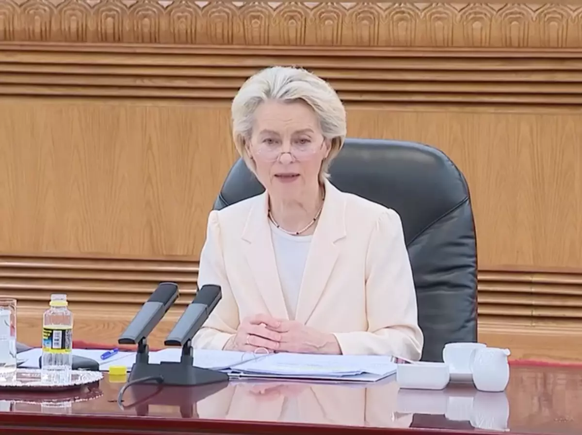 馮德萊恩在第25次中國-歐盟領導人會晤中發言。央視截圖
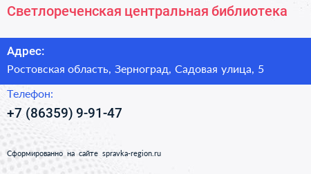 Светлореченская центральная библиотека по адресу Ростовская область, Зерноград, Садовая улица, 5 в дальнейшем Организация, размещена в следующих категориях:
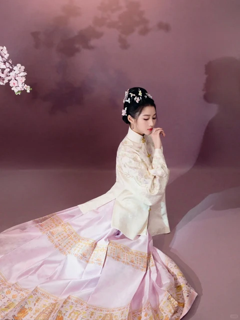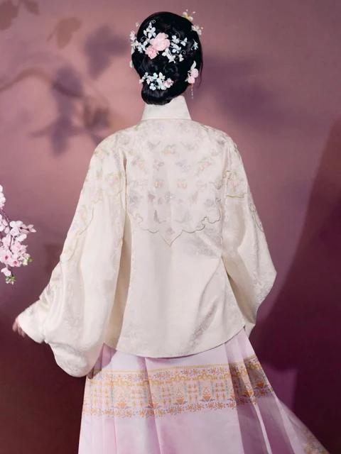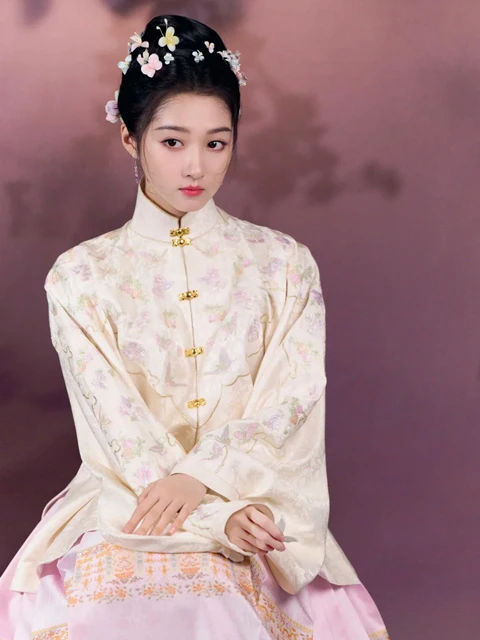 Guan Xiaotong's attire is a mid-Ming Dynasty-style jacket and skirt with a vertical collar. The clothing is adorned with butterfly patterns and "everything goes well" patterns. The shoulder seams are delicately outlined, showcasing the sophistication and elegance of Ming Dynasty attire.
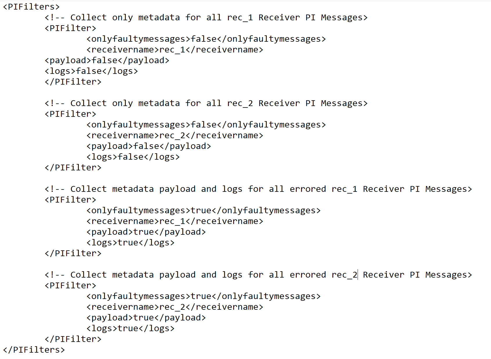 By default if the PI Monitoring Plugin is enabled it will use the Simple Filter configuration which will collect all messages including their logs and payload. The simple filter can be tuned further as detailed in the Simple Filters section below.
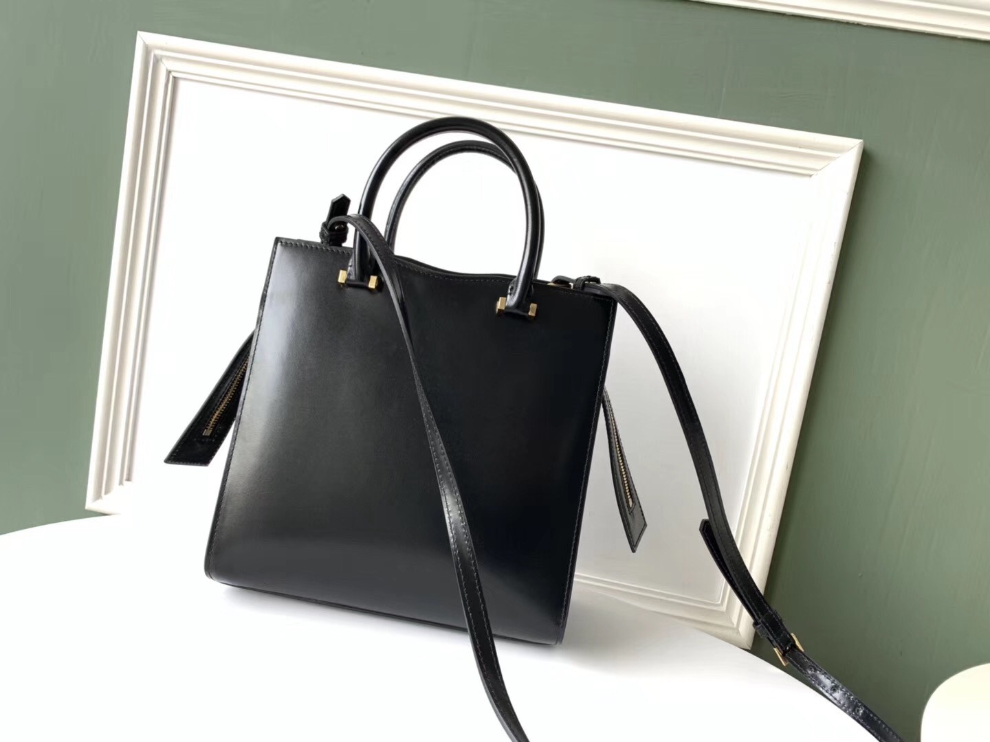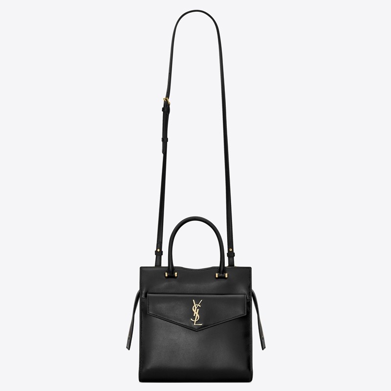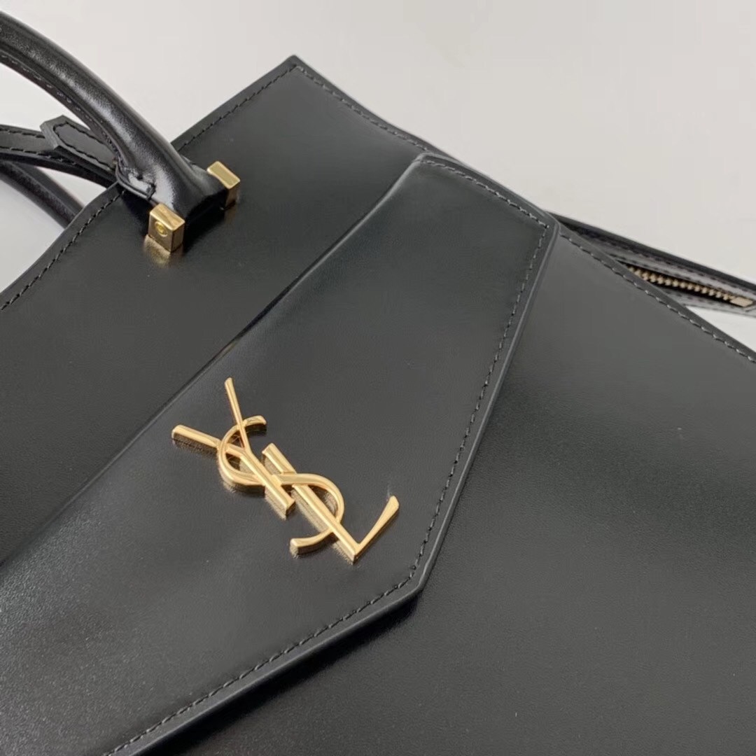 Saint Laurent Small Uptown Tote In Black Calfskin
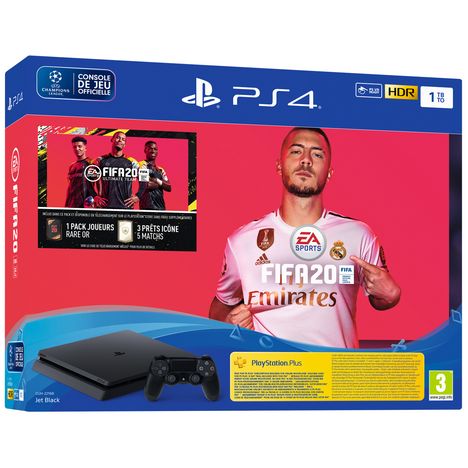 PS4 Slim 1 To Noir + Jeu Fifa 20 + Voucher PS Plus
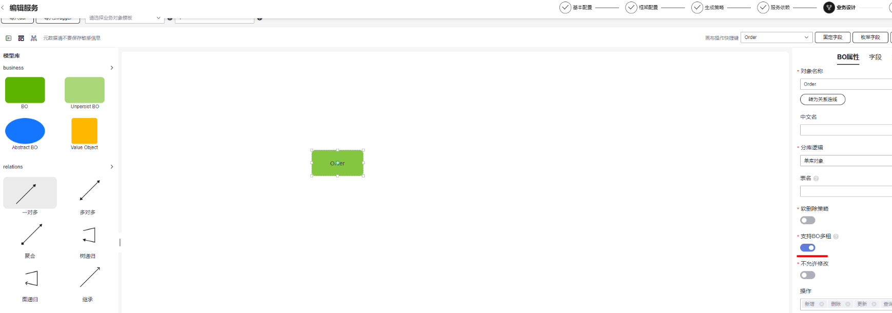 - 单击顶部流程导航栏的“业务设计”,进入业务设计页面。
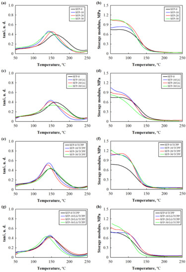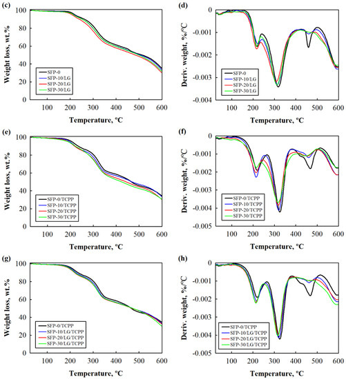 Slightly different observations could be found for the flame retardant PUR foam composites with SFP and LG/SFP fillers (Figure 2e,g). Compared to the control flame retardant PUR foam (SFP-0/TCPP), a 30 wt.% SFP filler increased the Tg from 145 °C to 149 °C, while a 20 wt.% LG/SFP filler increased the temperature to 147 °C.
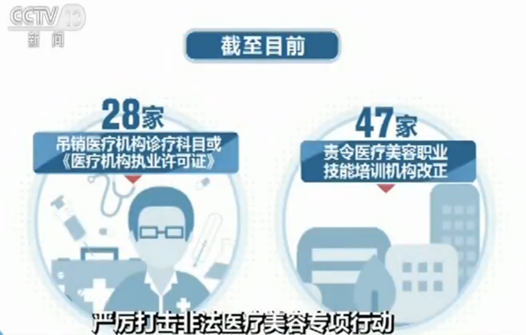 近年来,越来越多的消费者选择“微整形”医疗美容,一些人为牟取利益,非法制售使用胶原蛋白、肉毒毒素等药品和医疗器械,危害消费者健康。此次专项行动重点打击无证行医,查处生活美容机构以及其他机构未取得相应资质,开展注射美容等医疗美容行为;查处利用宾馆酒店、会所、居民住宅等场所违法开展医疗美容行为;打击走私医疗美容相关药品、医疗器械行为;查处不具备资质的培训机构违规开展“微整形”等医疗美容培训。截至目前,共吊销医疗机构诊疗科目或《医疗机构执业许可证》28家,责令47家医疗美容职业技能培训机构改正,2家停业整顿,责令743条医疗美容广告予以改正。全国公安机关共捣毁制售假药黑窝点728个,总涉案金额近7亿元,全国海关立案侦查、调查各类胶原蛋白、肉毒毒素等走私违法犯罪案件912起。

************

## [TASK INSTRUCTIONS]
Once the line holding "Светлореченская центральная библиотека" is found, copy it and each later line exactly through the end of the data, leaving out the pictures.

## [EXERCISE RESULT]
 Светлореченская центральная библиотека по адресу Ростовская область, Зерноград, Садовая улица, 5 в дальнейшем Организация, размещена в следующих категориях:
 Guan Xiaotong's attire is a mid-Ming Dynasty-style jacket and skirt with a vertical collar. The clothing is adorned with butterfly patterns and "everything goes well" patterns. The shoulder seams are delicately outlined, showcasing the sophistication and elegance of Ming Dynasty attire.
 By default if the PI Monitoring Plugin is enabled it will use the Simple Filter configuration which will collect all messages including their logs and payload. The simple filter can be tuned further as detailed in the Simple Filters section below.
 Saint Laurent Small Uptown Tote In Black Calfskin
 PS4 Slim 1 To Noir + Jeu Fifa 20 + Voucher PS Plus
 - 单击顶部流程导航栏的“业务设计”,进入业务设计页面。
 Slightly different observations could be found for the flame retardant PUR foam composites with SFP and LG/SFP fillers (Figure 2e,g). Compared to the control flame retardant PUR foam (SFP-0/TCPP), a 30 wt.% SFP filler increased the Tg from 145 °C to 149 °C, while a 20 wt.% LG/SFP filler increased the temperature to 147 °C.
 近年来,越来越多的消费者选择“微整形”医疗美容,一些人为牟取利益,非法制售使用胶原蛋白、肉毒毒素等药品和医疗器械,危害消费者健康。此次专项行动重点打击无证行医,查处生活美容机构以及其他机构未取得相应资质,开展注射美容等医疗美容行为;查处利用宾馆酒店、会所、居民住宅等场所违法开展医疗美容行为;打击走私医疗美容相关药品、医疗器械行为;查处不具备资质的培训机构违规开展“微整形”等医疗美容培训。截至目前,共吊销医疗机构诊疗科目或《医疗机构执业许可证》28家,责令47家医疗美容职业技能培训机构改正,2家停业整顿,责令743条医疗美容广告予以改正。全国公安机关共捣毁制售假药黑窝点728个,总涉案金额近7亿元,全国海关立案侦查、调查各类胶原蛋白、肉毒毒素等走私违法犯罪案件912起。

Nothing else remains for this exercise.